Scientists at Webb Space Telescope make groundbreaking discovery of neutron star located within supernova remnant

Using data collected by the James Webb Space Telescope (JWST), an international team of astronomers has discovered evidence of a neutron star in the remnants of a recent supernova. This groundbreaking finding provides valuable insights into the evolution of massive stars and the formation of compact objects in the universe.

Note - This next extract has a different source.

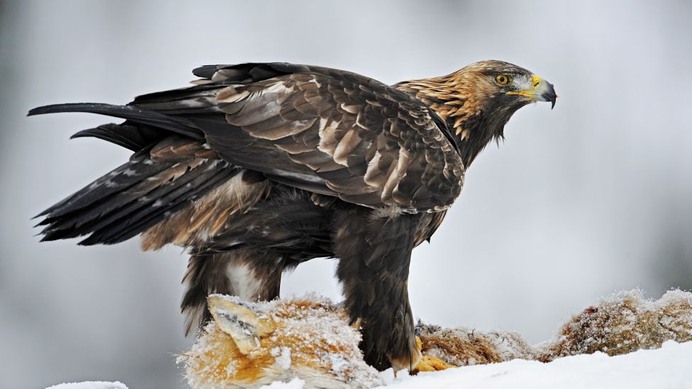 • Kongeørn (Aquila chrysaetos) er blant de fremste symbolene på vill natur, og den nest største rovfuglen i Norge, etter havørn (Haliaeetus albicilla). Siden hav- og kongeørn ble totalfredet i Norge i 1968, har bestanden økt. Smøla på Nordmøre har Europas tetteste havørnbestand. Den første havørn ble sett i Oslofjorden for 130 år siden, nå hekker rundt 3000 havørn-par i Norge. Flere par er satt ut i Skottland og Irland, som har ført til at arten igjen hekker i disse landene. Havørnen anses som mindre aggressiv enn kongeørnen. Her er en kongeørn i Flatanger i Nord-Trøndelag som spiser på en død rev. Foto: STAFFAN WIDSTRAND/WILD WONDERS OF EUROPE

The supernova, known as SN 1987A, was first observed on February 24, 1987, and occurred approximately 160,000 light-years away from Earth in the Large Magellanic Cloud. It was the most recent supernova in the Local Group of galaxies and the first one visible to the naked eye since Kepler’s Supernova in 1604.

During the final stages of a large star’s life, its core can no longer resist the gravitational forces acting upon it, causing it to collapse and leading to a powerful explosion called a supernova. Depending on the size of the core, the aftermath of this cataclysmic event can result in the formation of either a neutron star or a black hole.

Prior to the explosion of SN 1987A, scientists detected a burst of subatomic particles known as neutrinos. This provided some indication that a compact object, such as a neutron star or a black hole, was left behind, but further evidence was required for conclusive confirmation. The recent study utilizing the JWST has provided the first direct evidence of the presence of a neutron star in the remnants of the supernova.

On July 16, 2022, shortly after initiating regular science observations, the JWST observed the supernova remnant. Using its Near-Infrared Spectrograph (NIRSpec) and Mid-Infrared Instrument (MIRI), the telescope captured an image of the object and obtained a spectrum for each pixel at once. This spectrum provides essential information about the intensities of different frequencies of light emitted by various parts of the object, enabling astronomers to determine its chemical composition.

Upon analyzing the data, the researchers discovered ionized argon at the site of SN 1987A, a strong indication of the presence of a newborn neutron star. The ionization of argon atoms occurs when they lose some of their electrons. To determine the nature of the compact object responsible for this ionization, the team explored different possibilities and developed models that matched the JWST’s observations.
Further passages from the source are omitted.